When assessing these figures, however, it should be noted that more than a third of the farmers south of the Sahara produce their food and most of their livelihood goods entirely for themselves or their local communities. These subsistence services can hardly be recorded in the prosperity indicators commonly used today. Due to social change, however, pure subsistence production is in most cases no longer sufficient to secure people’s livelihoods. The widespread poverty and the increasingly deteriorating conditions for subsistence farming – such as the displacement of large enterprises, the overexploitation of resources, and the emergence of new dependencies – have a particularly negative impact on the food and health situation. More than a fifth of the people in the Sub-Saharan region are considered malnourished; the average life expectancy is only 54 years; almost 40 percent of the population still live without adequate water supplies; and almost 70 percent without adequate sanitation. Added to this are the serious effects of the immunodeficiency disease AIDS and other infectious diseases such as malaria and tuberculosis caused by the hot and humid climate. Poor hygiene, a poor health system as well as the deficient education of the population exacerbate these problems.

For decades, the political landscape of Sub-Saharan Africa was characterized by dictatorial forms of government. Despite the democratization that has been evident since the end of the Cold War, the majority of states are governed more or less dictatorially. One fundamental dilemma is that elections in Sub-Saharan Africa are on the one hand without alternatives, but on the other hand they still frequently take place in a fragile political environment. Even in countries whose systems are considered to be relatively stable, it is not self-evident that votes take place peacefully and fairly, and that the results are generally accepted. So, are elections in Sub-Saharan Africa a curse or a blessing? The view that elections in Sub-Saharan Africa are merely a cover for authoritarian rule, and inevitably a source of instability and violence, often dominates. Particularly when elections are characterized by persistently low quality or permanently strong violence, there is a danger that they will be discredited by the population. The lack of integrity leads to an enormous loss of trust among the population and further social polarization when democratic institutions become an empty shell – increasing the potential for the outbreak of conflicts, such as in Cameroon and Zimbabwe. However, elections do not necessarily lead to violence, nor are deficient elections necessarily a façade. First of all, elections are largely without alternatives. As an indispensable element of democratic systems, elections alone do not constitute democracy, but they promote democratic values and peaceful conflict resolution. Whether elections actually have democratic substance depends on their quality – above all on the freedom of choice of the citizens and the legitimacy of state rule.
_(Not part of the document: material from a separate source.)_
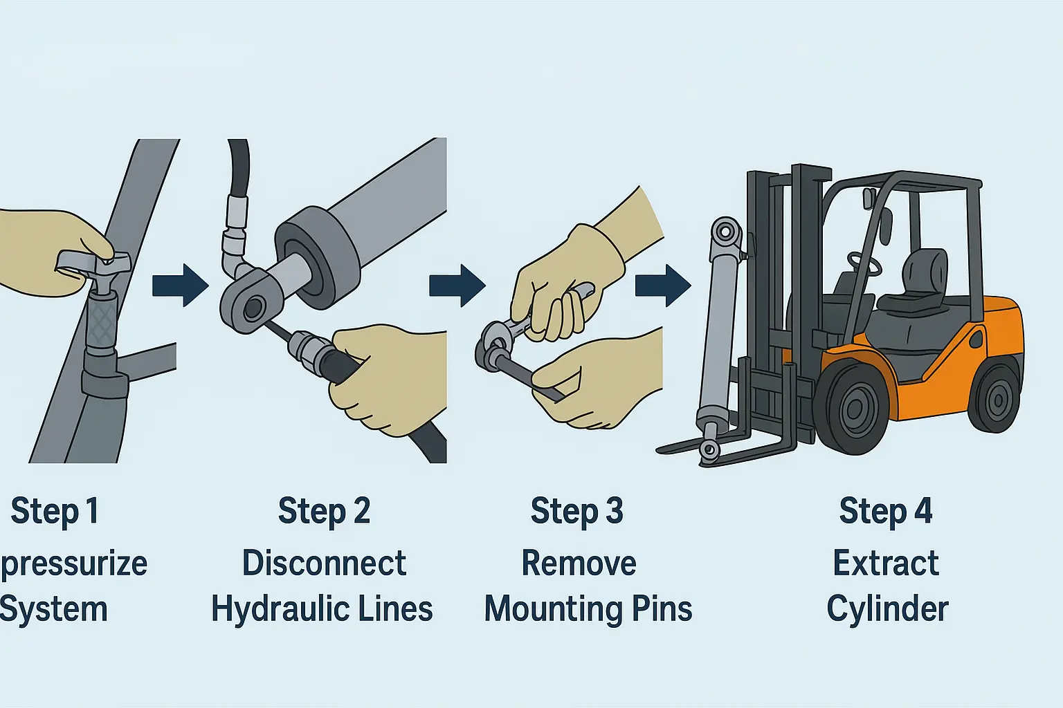 Czwartym krokiem jest ostrożne usunięcie cylindra hydraulicznego. Całe ciało cylindra jest ciężkie. Zaleca się, aby dwie osoby działały lub korzystały z zawiesi. Uważaj, aby nie trafić w otaczającą konstrukcję i nie utrzymywać cylindrowego usta skierowanego do góry, aby zapobiec przepełnieniu wewnętrznego resztkowego oleju.

Overall, the democratic quality in Sub-Saharan Africa has improved since the 1980s, although the changes are not (yet) sustainable.
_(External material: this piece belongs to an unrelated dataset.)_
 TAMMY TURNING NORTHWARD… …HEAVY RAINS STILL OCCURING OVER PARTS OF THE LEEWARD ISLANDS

Nowadays, almost all states hold multi-party elections. Nevertheless, in many cases the picture continues to be dominated by hybrid regimes that move in a grey area between democratic and autocratic rule. But how meaningful are elections really under these conditions? In general, they are relevant in all these cases. Above all, however, they are to be understood as a process and not merely as an event. Despite all justified criticism, there are clear indications of positive developments: Not only do elections in Sub-Saharan Africa take place more frequently and regularly than in the past, they are also much more fiercely contested. In addition, the continuity of elections is important, since their democratic quality can improve with each new ballot. Accordingly, the repeated holding of elections, even if they sometimes have deficits, has a democratizing effect in principle. Although this is not yet equivalent to consolidation, it contradicts the common assumption that elections with flaws inevitably undermine democratic quality – the opposite effect is at least possible.